▶ **EXERCISE**:
With pictures left out, set down exactly the lines from the line containing "Voxel model of" through the last line of the data.

------ SUPPLIED MATERIAL ------

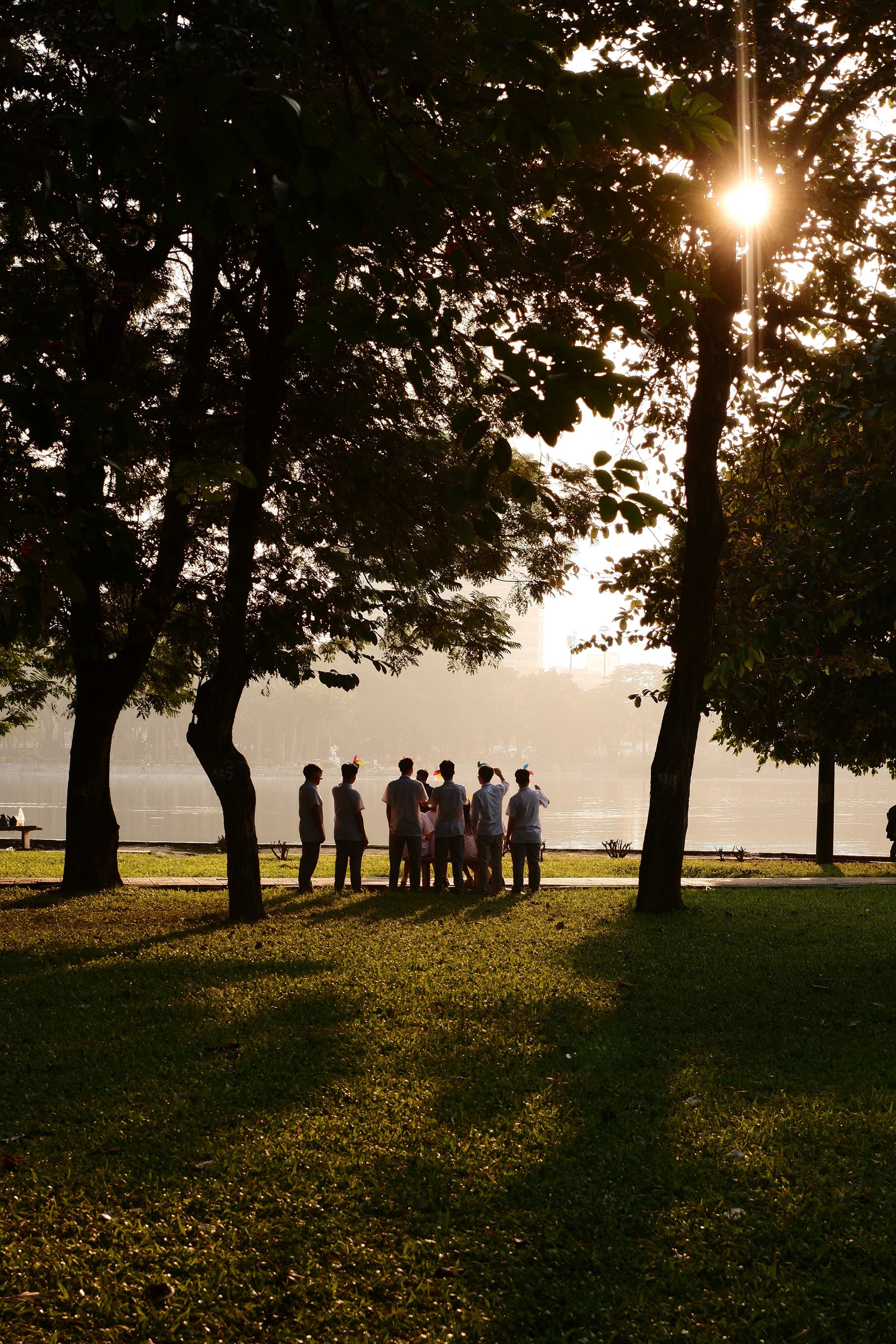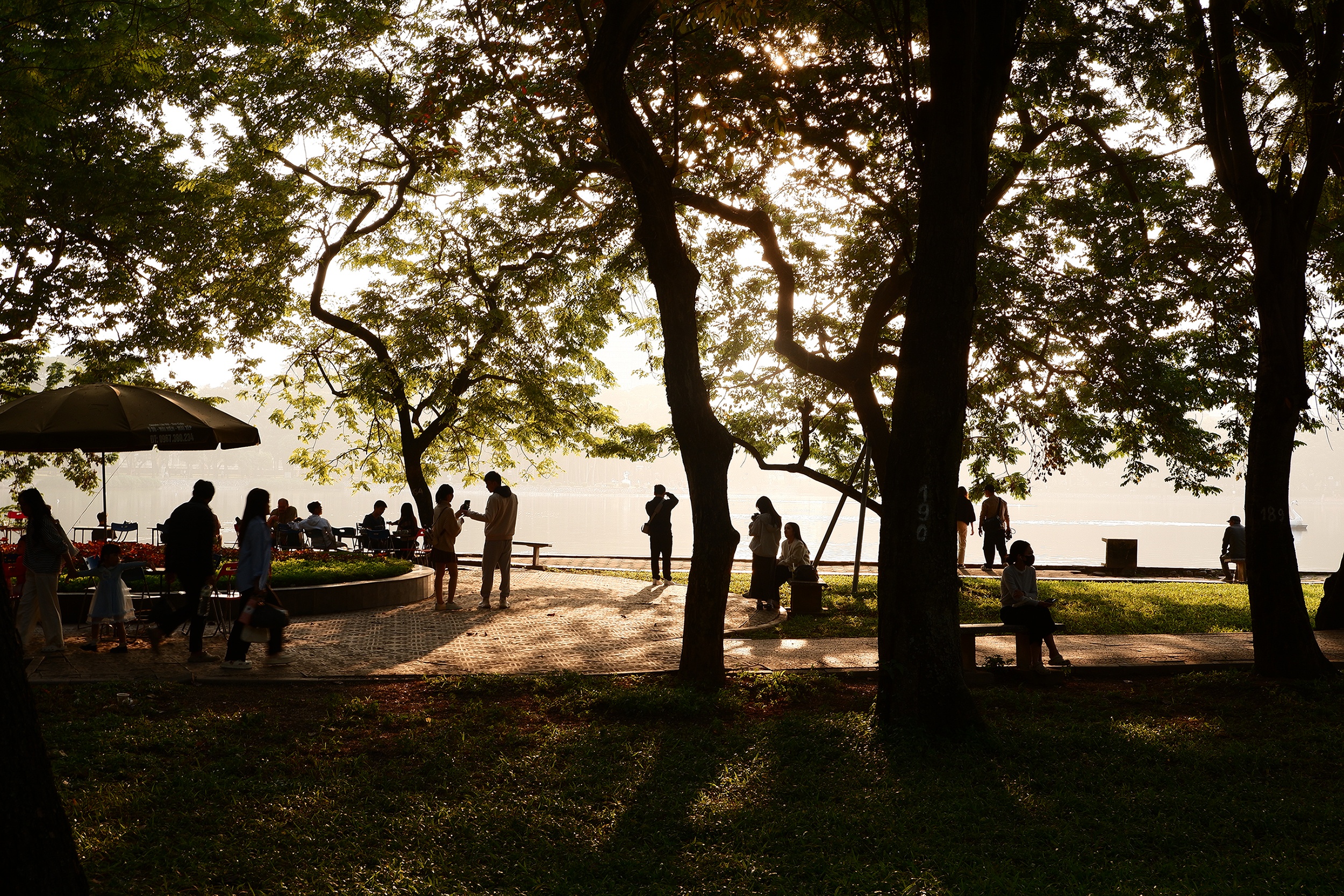 Trung bước vào công viên từ cổng Trần Nhân Tông, ấn tượng đầu tiên là những tán cây lớn đổ bóng xuống bãi cỏ, xen giữa vài công trình quen thuộc như nhà gương vẫn giữ nguyên hình ảnh anh từng nhớ từ hồi bé. "Khá tĩnh lặng, có gì đó vừa hoài niệm vừa đúng kỳ vọng của tôi về một công viên", anh nói. Kỷ niệm gần nhất của Trung với công viên Thống Nhất trước mùa thu năm nay là mùa hè 2013, khi anh tham gia một sự kiện chạy bộ. Việc công viên dỡ rào, mở rộng cho người dân đi dạo khiến cảm nhận của anh lần này khác hẳn. Đi bộ giữa không gian cây xanh, nắng nhẹ và gió mát đầu đông giúp tâm trạng anh thoải mái hơn. Trong bối cảnh Hà Nội không có quá nhiều công viên, công viên Thống Nhất theo Trung đã đáp ứng được những kỳ vọng cơ bản: không gian mở, hồ rộng, ánh nắng xuyên qua tán cây và cảnh quan tự nhiên không phụ thuộc vào các vườn hoa thiết kế. Anh cho rằng lý do những không gian đời thường như công viên ngày càng được yêu thích là bởi người trẻ tìm đến để tận hưởng một ngày đẹp trời theo cách của riêng mình: tập thể thao, chụp ảnh, picnic hay đơn giản chỉ là nằm dài trên cỏ.
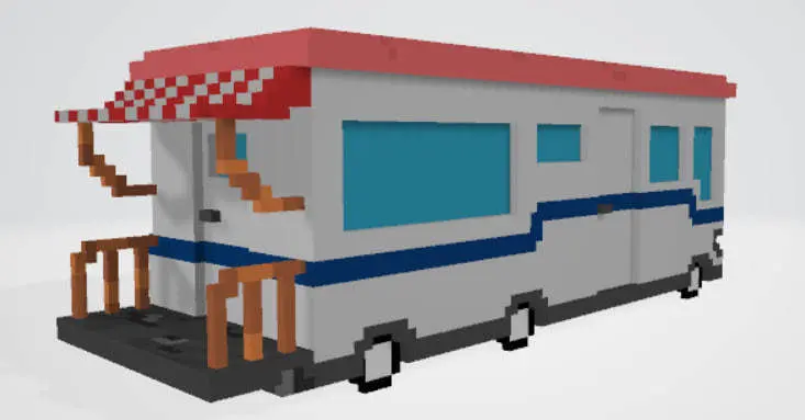 Voxel model of camper, with obj, vox, mtl and png (texture) files.
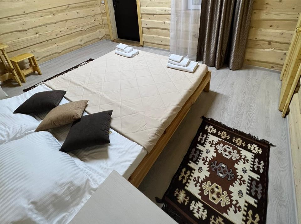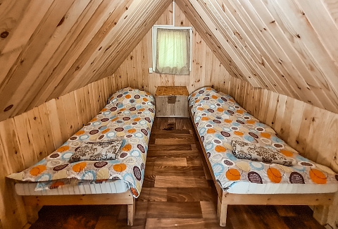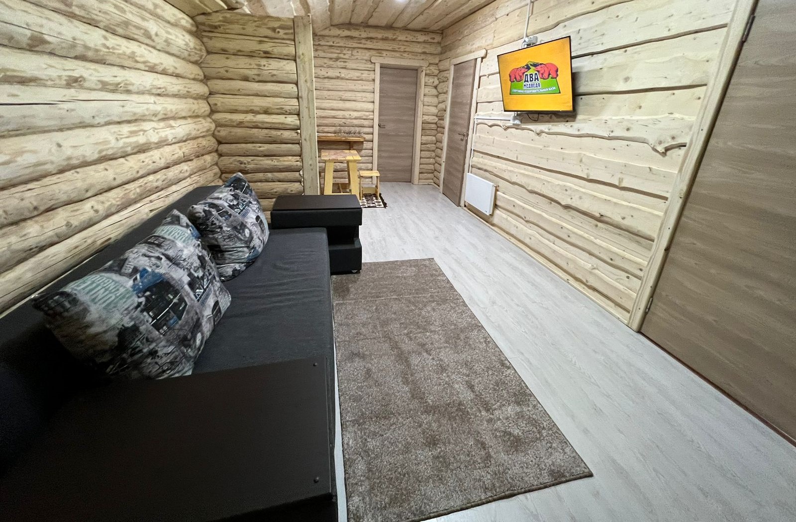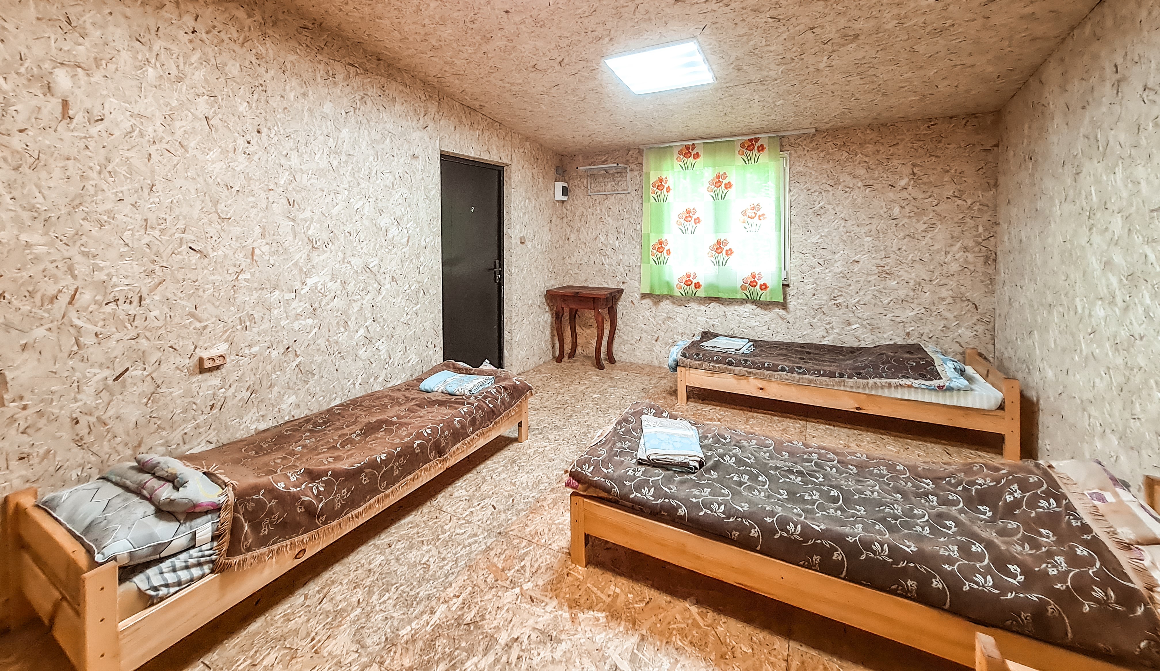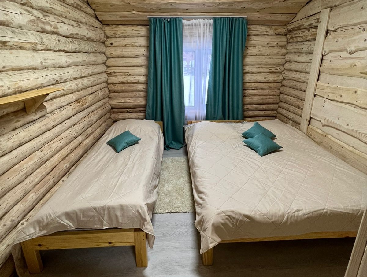 В номере: вешалка, диван раскладной, кровати односпальные, кровать двуспальная, обувная полка, стол, тумба, микроволновая печь, набор посуды, телевизор, теплый пол, холодильник, электрочайник
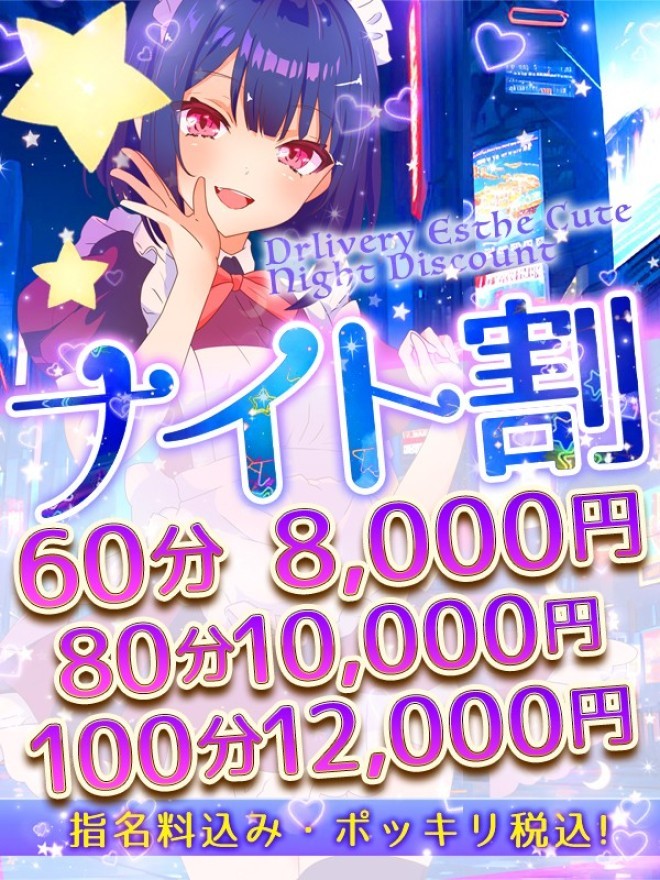 お仕事帰りに★お得なイベント 『 ナイト 割 』 時間帯の制限なし 60分8000円 80分10000円 100分12000円 ※別途ホテル代※ ※ご不明点はお気軽にスタッフに...
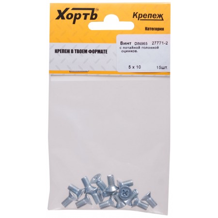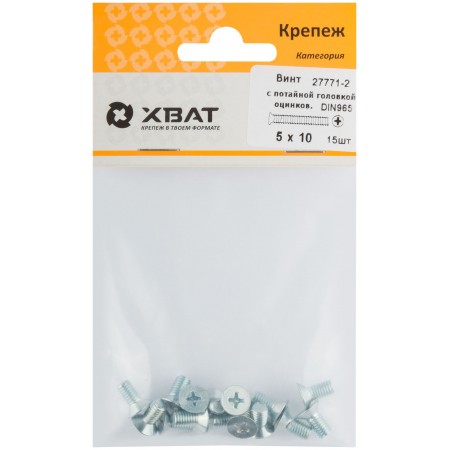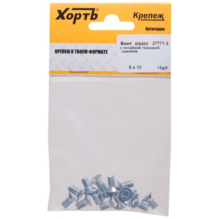Винт с потайной головкой с полной резьбой оцинкованный DIN 965 5х10 15 шт.(фасовка) (27771-2)

------

▶ **TASK SOLUTION**:
 Voxel model of camper, with obj, vox, mtl and png (texture) files.
 В номере: вешалка, диван раскладной, кровати односпальные, кровать двуспальная, обувная полка, стол, тумба, микроволновая печь, набор посуды, телевизор, теплый пол, холодильник, электрочайник
 お仕事帰りに★お得なイベント 『 ナイト 割 』 時間帯の制限なし 60分8000円 80分10000円 100分12000円 ※別途ホテル代※ ※ご不明点はお気軽にスタッフに...
Винт с потайной головкой с полной резьбой оцинкованный DIN 965 5х10 15 шт.(фасовка) (27771-2)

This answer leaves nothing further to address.